::: Collected material

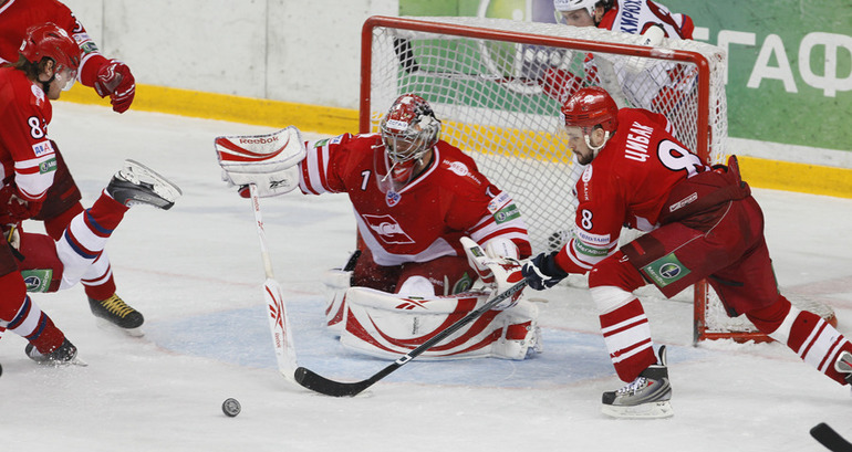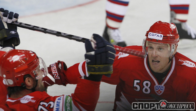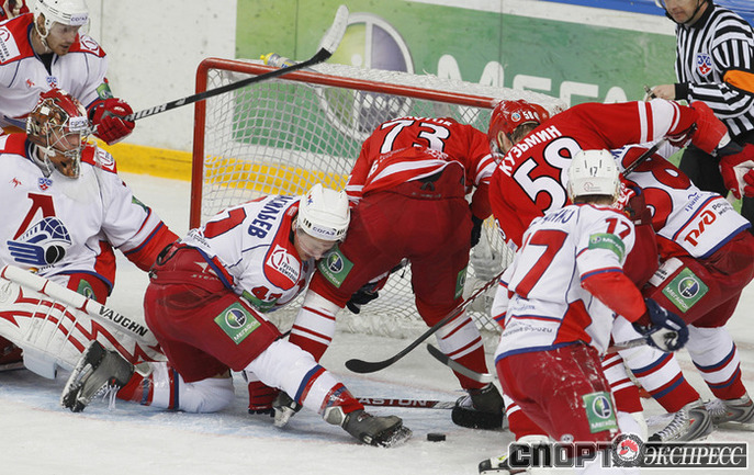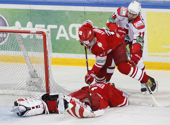 Хоккей. Кубок Гагарина. 1/4 финала. Западная конференция. Третий матч. "Спартак" (Москва) – "Локомотив" (Ярославль) – 3:2 (1:1, 2:1, 0:0). Для выхода в финал Западной конференции красно-белым необходимо одержать две победы. Фото - Александр ВИЛЬФ, "СЭ"
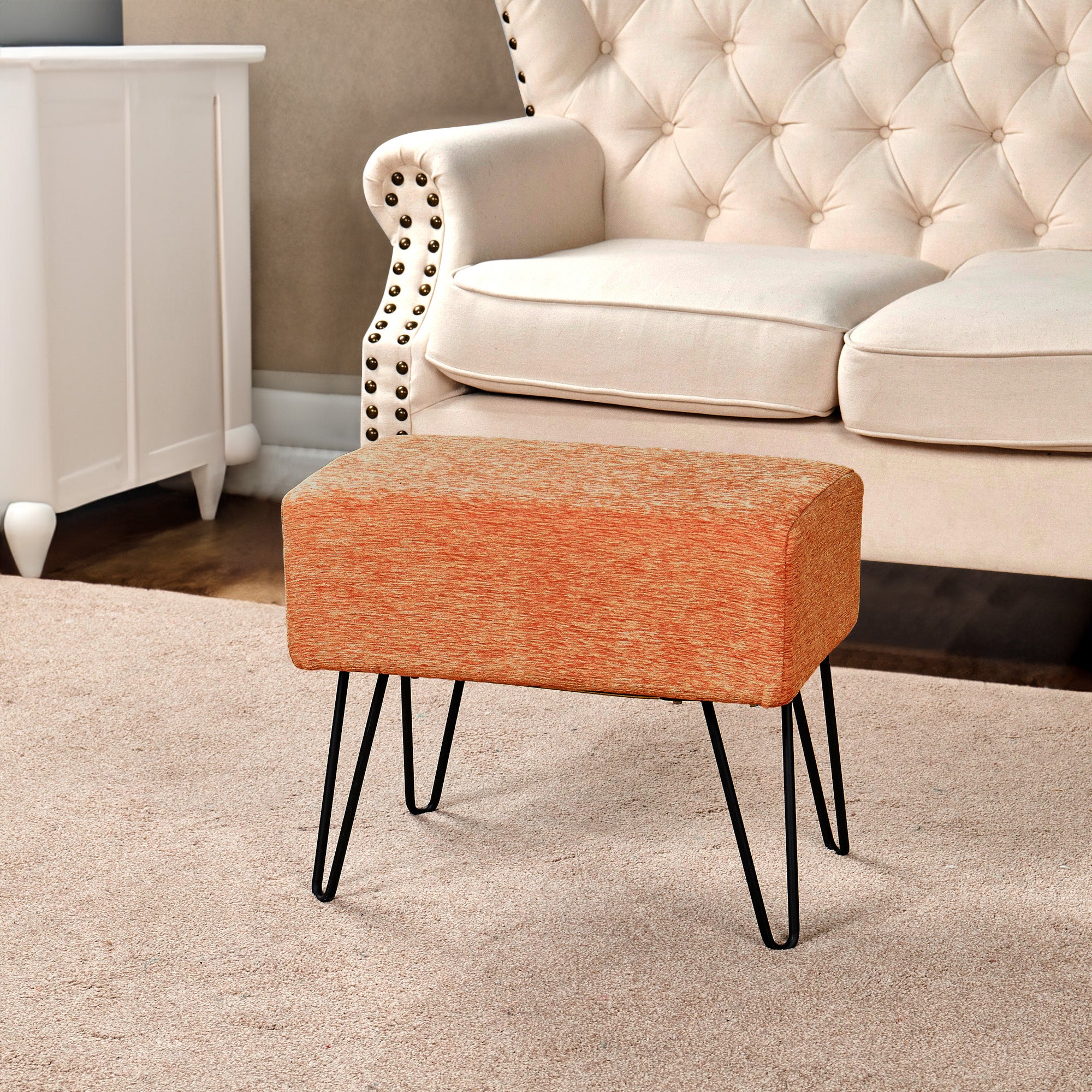 • Versatile Placement: Perfect for the bedroom, living room, dressing room, or office, this ottoman serves as a stylish stool or a footrest. Its height is ideal for pairing with your sofa or chair, adding both comfort and function.
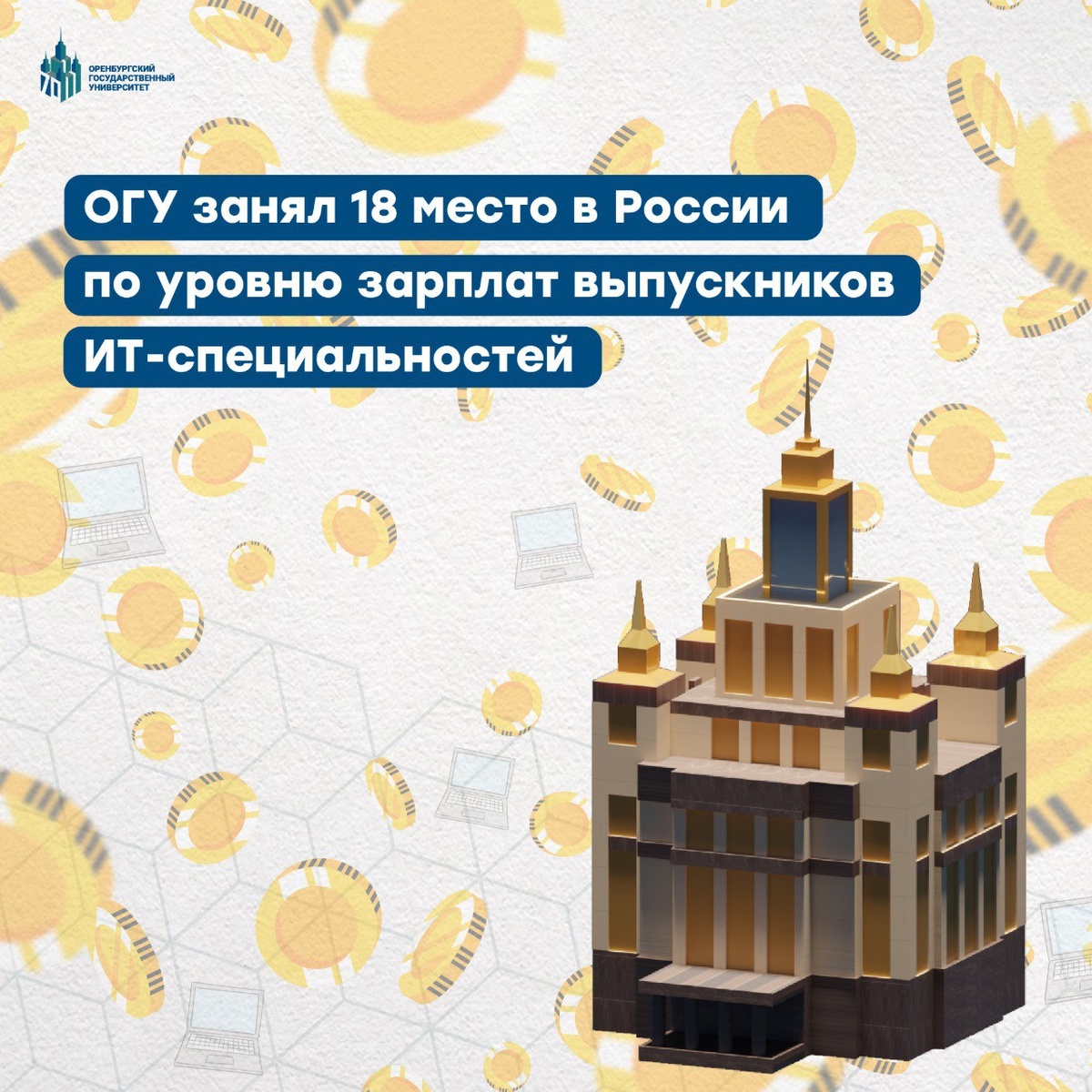 ОГУ занял 18 место в России по уровню зарплат выпускников ИТ-специальностей 👨💻 SuperJob представил рейтинг вузов России по уровню зарплат ИТ-специалистов, окончивших вуз в 2019–2024 годах. Оренбургский госуниверситет расположился на 18-й строчке ранжированного списка. Всего в рейтинг вошли 70 вузов из 35 городов. Выпускники ОГУ в среднем зарабатывают 140 000 рублей в месяц и трудятся в ведущих компаниях отрасли по всей стране. 86% выпускников по окончании обучения остаются работать в Оренбурге. 📍Отметим, что с университетом сотрудничают признанные лидеры ИТ-индустрии с мировыми именами: «Лаборатория Касперского», «1С», АО «Крибрум». Студенты ОГУ – неоднократные победители и призеры всероссийских и региональных олимпиад по программированию, чемпионатов, хакатонов. #ОГУ #в_ОГУ #OSU

::::::

The pictures are to be omitted, and the rest of the listing is to be transcribed exactly.

◆ Answer section ◆
 Хоккей. Кубок Гагарина. 1/4 финала. Западная конференция. Третий матч. "Спартак" (Москва) – "Локомотив" (Ярославль) – 3:2 (1:1, 2:1, 0:0). Для выхода в финал Западной конференции красно-белым необходимо одержать две победы. Фото - Александр ВИЛЬФ, "СЭ"
 • Versatile Placement: Perfect for the bedroom, living room, dressing room, or office, this ottoman serves as a stylish stool or a footrest. Its height is ideal for pairing with your sofa or chair, adding both comfort and function.
 ОГУ занял 18 место в России по уровню зарплат выпускников ИТ-специальностей 👨💻 SuperJob представил рейтинг вузов России по уровню зарплат ИТ-специалистов, окончивших вуз в 2019–2024 годах. Оренбургский госуниверситет расположился на 18-й строчке ранжированного списка. Всего в рейтинг вошли 70 вузов из 35 городов. Выпускники ОГУ в среднем зарабатывают 140 000 рублей в месяц и трудятся в ведущих компаниях отрасли по всей стране. 86% выпускников по окончании обучения остаются работать в Оренбурге. 📍Отметим, что с университетом сотрудничают признанные лидеры ИТ-индустрии с мировыми именами: «Лаборатория Касперского», «1С», АО «Крибрум». Студенты ОГУ – неоднократные победители и призеры всероссийских и региональных олимпиад по программированию, чемпионатов, хакатонов. #ОГУ #в_ОГУ #OSU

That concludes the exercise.